1. Preheat oven to 400 degrees. Put potatoes in a pot of salted water. Bring to a boil, then simmer until just tender, 10 to 15 minutes. Drain and put in a large bowl. Meanwhile, blanch onions in boiling water 2 minutes, rinse to cool, then peel.
2. Add onions, butter, oil, 1 tsp salt, and 1/2 tsp pepper to potatoes and stir. Divide between 2 rimmed baking sheets and bake, stirring occasionally, until potatoes are tender and golden brown with crisp edges, about 25 minutes. Transfer to a shallow serving dish.
3. Beat creme fraiche and heavy cream in a bowl with an electric mixer until stiff peaks for. Stir in chives, bacon, and remaining 1/4 tsp salt and 1/8 tsp pepper.
4. Top potatoes with bacon cream and gently stir to coat.

Monday, February 6, 2012

Golden-Crusted Brussels Sprouts

Last week for brussels sprouts here at the farm! Don't shy away from them because of a few less than perfect outer leaves, simply peel them away and continue to prepare as desired. They are really quite good this time of year, after the frosts.

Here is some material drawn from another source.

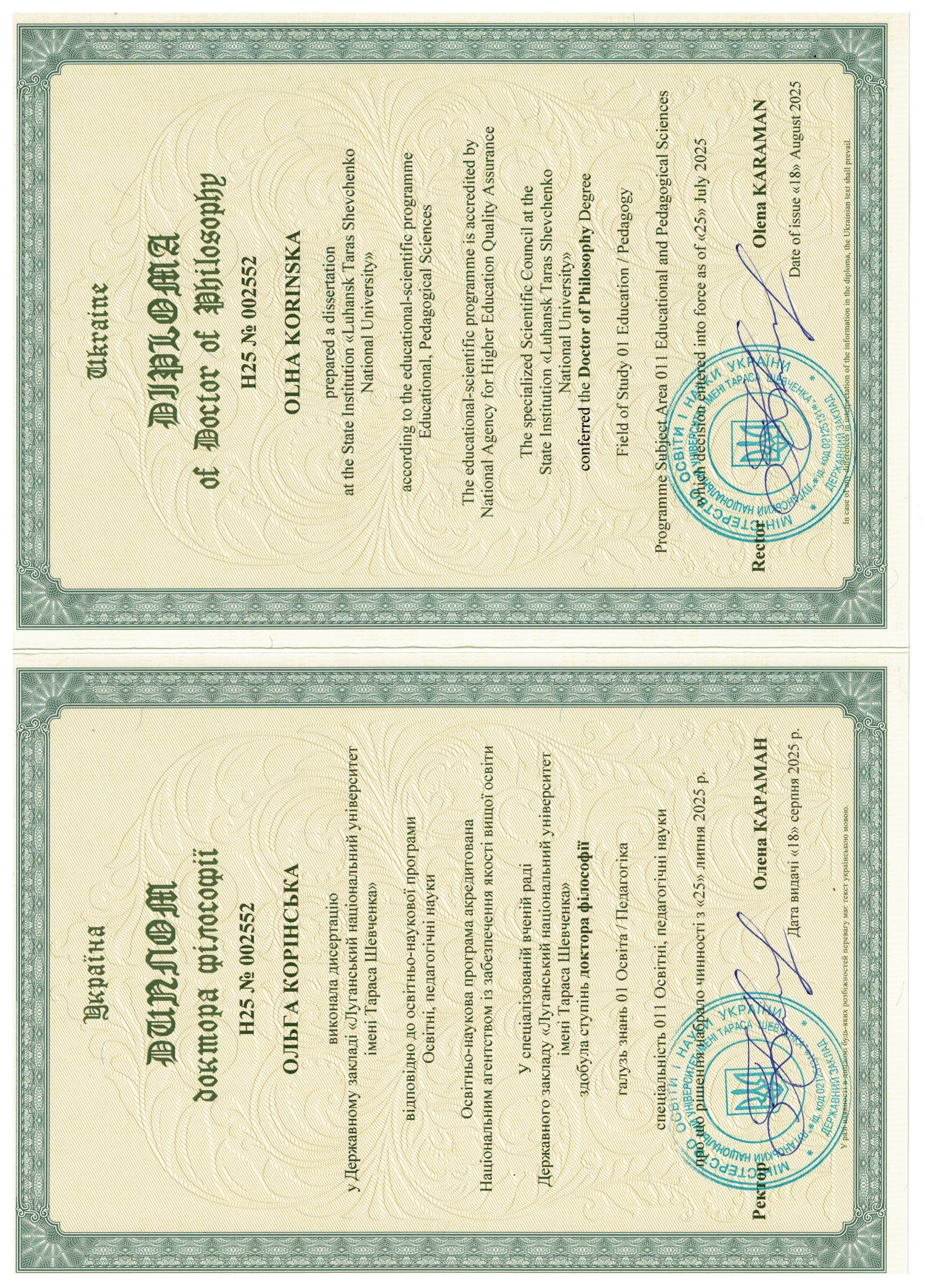 Доктор філософії (PhD), дипломований викладач англійської мови й перекладу. Маю досвід роботи вчителем у загальноосвітній школі, приватній школі та закладі вищої освіти.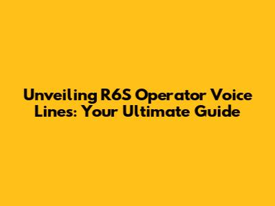 Unveiling R6S Operator Voice Lines: Your Ultimate Guide

Many people have grown up thinking they hated brussels sprouts, but brussels sprouts that have been previously frozen or that are simply boiled hardly highlight this brassica's potential. Check out the recipe below for a simple yet delicious way to change even the most convinced brussels sprouts loathing personality that they are worth another try.

24 small brussels sprouts
1 tablespoon extra-virgin olive oil, plus more for rubbing
fine-grain sea salt and freshly ground black pepper
1/4 cup grated cheese of your choice

Wash the brussels sprouts well. Trip the stem ends and remove any raggy outer leaves. Cut in half from stem to top and toss with olive oil. Heat 1 tablespoon of olive oil in your largest skillet over medium heat. Don't overheat the skillet, or the outsies of the brussels sprouts will cook too quickly. Place the brussels sprouts in the pan flat side down (single-layer), sprinkle with a couple pinches of salt, cover, and cook for roughly 5 minutes; the bottoms of the sprouts should only show a hint of browning. Cut into a brussel sprout to gauge whether they're tender throughout. If not, cover and cook for a few more minutes. Once tender, uncover, turn up the heat, and cook until the flat sides are deep brown and carmelized. Use a metal spatula to toss them once or twice to get some browning on the rounded side. Season wit more salt, a few grinds of pepper, and a dusting of grated cheese. Serve immediately.